5. AI systems can learn for themselves

Another two-letter acronym often found alongside AI is ML (Machine Learning). The common myth is that ML is a fully autonomous process, which will potentially lead to AI that transcends human intelligence and eventually decides to get rid of us (see 1 above). However, ML still intrinsically involves teaching by humans. Every AI system needs to be fed source material chosen by people, and its outputs adjusted by human experts until they work. This is precisely the process that Google's self-driving car system is going through right now, and this won't stop even when it gets the green light as a commercially available system in new vehicles.

6. AI systems will be much more impartial than human beings

As a result of AI's ML being fed by humans, there's no reason to believe that it will be any more impervious to prejudices than the humans that taught it. Early facial recognition systems had trouble identifying ethnicities, and the Tay Twitter bot was rapidly turned into a rabid racist by the tone of social media conversations. On the other hand, an AI that has been trained to be as impartial as the best human examples will consistently be better in this respect than the worst humans, which is where there is clear value for the legal and medical professions, amongst others.

7. AI will soon be smarter than human beings, or never will

Because AI runs on computers that are not an exact replica of the human brain (see four above), this is a bit of a trick question. On the one hand, there is no sign that a general AI will transcend overall human intelligence anytime soon, because we still don't know exactly what the latter is. But on the other hand, much more narrow AI has been beating humans for some years now, such as defeating the best human chess player, and surpassing the best players of Jeopardy!. In 2004, none of the vehicles in the DARPA Grand Challenges completed the course, but in 2005, five did, and now we have self-driving cars being tested on public roads. So AIs will likely be smarter than humans in many key areas (and already are in some), but may never be in a general, overall sense whatever that even means.

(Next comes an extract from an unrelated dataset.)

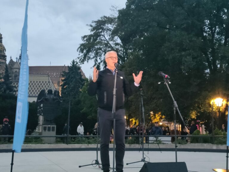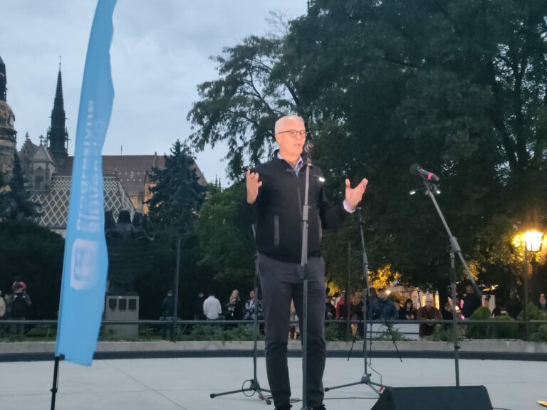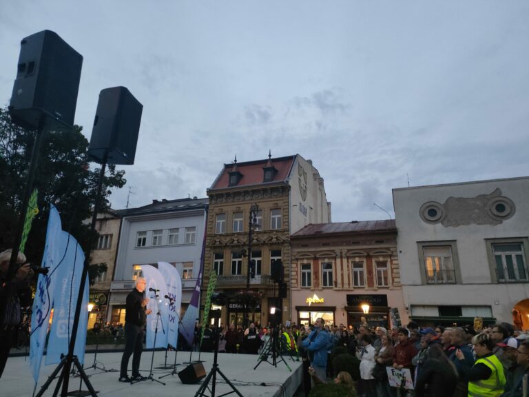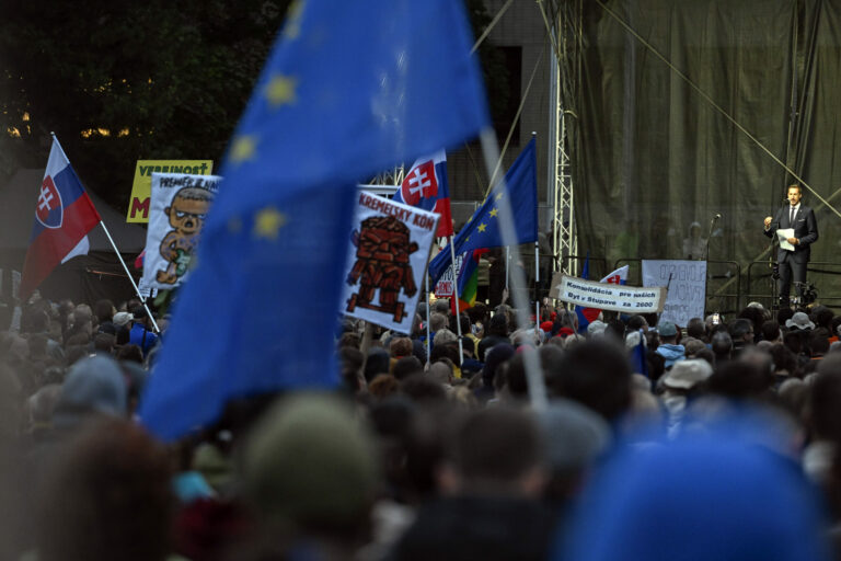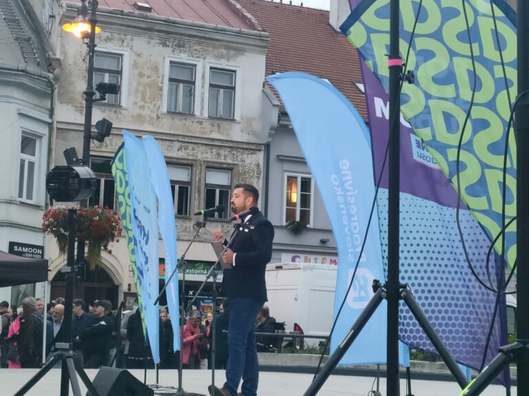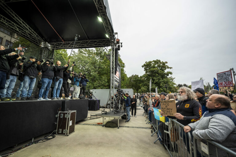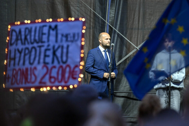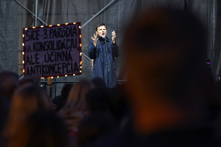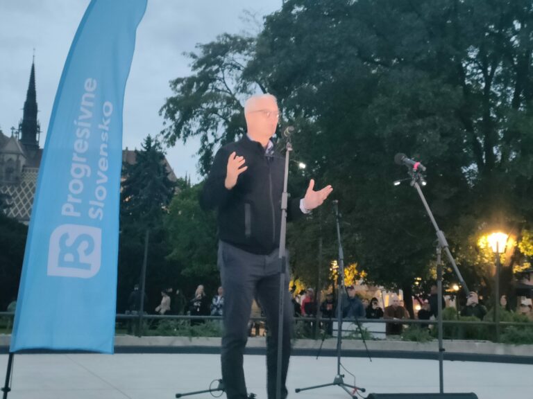 Predseda strany Progresívne Slovensko (PS) a poslanec Národnej rady SR Michal Šimečka (vľavo) počas protivládneho protestného zhromaždenia Proti konsolidácii organizovaného opozičnými stranami Progresívne Slovensko (PS), Sloboda a solidarita (SaS), Demokrati a Kresťanskodemokratické hnutie (KDH) na Námestí slobody v Bratislave. Bratislava, 23. september 2025. Foto: SITA/Milan Illík

8. The technological singularity is approaching, or will never happen

Related to seven above, there is a theory, originally presented by maths and computer science professor Vernor Vinge, that the development of artificial superintelligence will arrive around 2030 and then AI will upgrade itself beyond human understanding and the world will change unrecognisably. This has been dubbed "the singularity". For reasons already discussed above, the date already looks massively optimistic before we even get into the details, due to our lack of understanding of the human brain. But, on the other hand, the singularity doesn't necessarily have to involve completely human intelligence. We could be creating something that isn't human, just loosely based on us. Nevertheless, this idea still gives computers the ability to have their own intentions, which somehow emerge spontaneously from the advanced technology. Right now, no AI can do anything other than what humans told it to do, even if your flaky desktop PC might sometimes make you believe otherwise.

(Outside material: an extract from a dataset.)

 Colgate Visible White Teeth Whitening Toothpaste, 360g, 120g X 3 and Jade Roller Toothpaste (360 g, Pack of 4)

9. AI is just sci-fi and nothing that should concern business

Just as AI can create new jobs as well as replace old ones, it's a topic that should be central to all businesses that intend to survive and grow over the coming decades, rather than ignored. On the one hand, the scary sci-fi scenarios of human replacement are very distant if ever likely to happen at all. But, on the other hand, there are real opportunities to enhance business services and consumer interaction via the more limited systems that have been shown to be effective already. Business intelligence data analytics, forward resource planning, and automated customer service are just the beginning. Companies that embrace AI, whilst being realistic about its limitations, will be the ones that prosper.